Sonya Clark didn’t plan to be ubiquitous in Minnesota. It just happened, one invitation after another, such that she will have artworks in three Twin Cities exhibitions this winter, at the Minnesota Museum of American Art, at All My Relations gallery, and in Mia’s upcoming “State of the Art: Discovering American Art Now” survey of contemporary American artists. On February 18, she’ll give the opening-night talk at Mia.
Of course it didn’t just happen. Clark’s parents emigrated from Jamaica. She grew up in Washington, D.C. She went to Amherst to study psychology, her father’s profession, and when she graduated her parents gifted her a trip to the Ivory Coast with a prominent scholar of African art. She returned, not long after completing one undergraduate degree, determined to get another—at art school.
It was at the Art Institute of Chicago, in the early 1990s, that she took Joseph Albers’s color theory to heart, the idea that color only exists in the context of other colors. And many years later, in 2001, when she traveled to Ghana, she experienced it in action. “I was called ‘Abruni,'” she recounts, “white person. Here, no one would think of me as white—I’m African-American. Historically, you know, America had the 1/64th rule: If you look a little black, you’re black. But in Ghana they draw the color line in a completely different place. If you look like you have a little European in you, which I certainly do, you’re white.”
Clark also began studying hair, particularly the connotations of straight vs. curly hair (European vs. African), a history of assumptions and prejudice. “Straight hair became associated with a kind of cleanliness, hair that can be combed—you can get the nits out,” she says. Curly hair, resistant to combing, was presumed dirty. The irony, she notes, is that nits, or lice, thrive in thin, straight hair. “People who grow their hair like I do,” she says, “can’t get lice. No lice. None. No need for a comb.”
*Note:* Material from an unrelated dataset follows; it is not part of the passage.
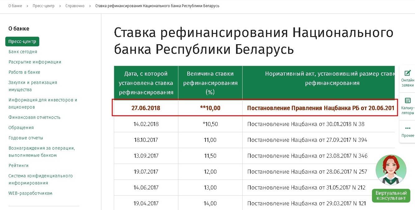 Инфляция и дефолт в Беларуси – гости довольно частые. Поэтому главный банк уже давно не опирается на твердую процентную ставку, ведущую его к потере доходов. Теперь размеры ежемесячного платежа меняются каждый квартал в соответствии с изменением ставки рефинансирования. На сегодня этот показатель составляет 10,5% годовых, поэтому и общая стоимость кредита нуждающимся в улучшении жилищных условий составляет 13,5%.

Clark’s work in “State of the Art,” part of her Albers Interaction Series, literally wraps the history of hair around Albers’s ideas (particularly his Homage to the Square series), binding stacks of combs with brightly colored thread. What’s white?, she asks, what’s black? It’s all relative.
Last summer, Clark achieved unexpected notoriety for a piece brought into a New York show almost as an afterthought. After 10 years as an arts professor at the University of Wisconsin, in Madison, she now lives in Richmond, Virginia, the capital of the Confederacy. She began making art with the Confederate battle flag after Viriginia’s governor at the time proposed a Confederate History Month, without mentioning the obvious contribution of African-Americans to the South. “That pissed me off,” Clark says. So she created a Confederate battle flag and stitched what appeared to be black human hair into it, in the stars-and-stripes design of the American flag.
By the time the New York show was being readied, she had moved on to unraveling the battle flag itself. First as an artwork—piles of threads from a disassembled flag—and then as a performance, slowly undoing the threads in front of an audience. The curator of the New York show wanted a different work altogether—”the one piece in the show no one talks about,” Clark says self-deprecatingly—and asked for the unraveling as an also-ran. Clark and her assistants, observed in the Mixed Greens Gallery in Chelsea, managed to undo about an inch of a flag already about a quarter undone.
That was enough. The work became a sensation. The Huffington Post ran a piece on it. And then a white supremacist murdered parishioners at a Charleston church. The Confederate flag was under fire. Clark was in Europe at the time, doing research, but reporters managed to reach her. She was profiled in Mother Jones and Artnet News as a symbol of resistance, a proud moment tempered by reality.
“I’m still a little torn up about this,” she says. “My phone was ringing off the hook. When people died, suddenly everyone wanted my opinion. Well, my opinion is the same: Art can get us to talk about the symbolism. But ultimately, the biggest work that has to be done is not about the metaphor. What needs to be dismantled is the racial injustice embedded in the nation.”
Lately, and for a long time, Clark has been thinking about sugar—an industry that brought Africans to the Caribbean. “Sugar is so sweet to the tongue,” she says, “but people have lost their lives to it.” And she’s thinking about a roller-coaster she used to ride as a kid: the Rebel Yell, one of the oldest wooden roller-coasters still running, and how riders were encouraged to shout the confederate battle cry while riding it. She’s thinking about racism embedded in unusual places.
When she talks at Mia on February 18, she’ll explain where these metaphors begin and end. And how it’s not so hard to find them. “So much of this is foundational to us,” she says of racism in America. The hard part is rebuilding the foundation.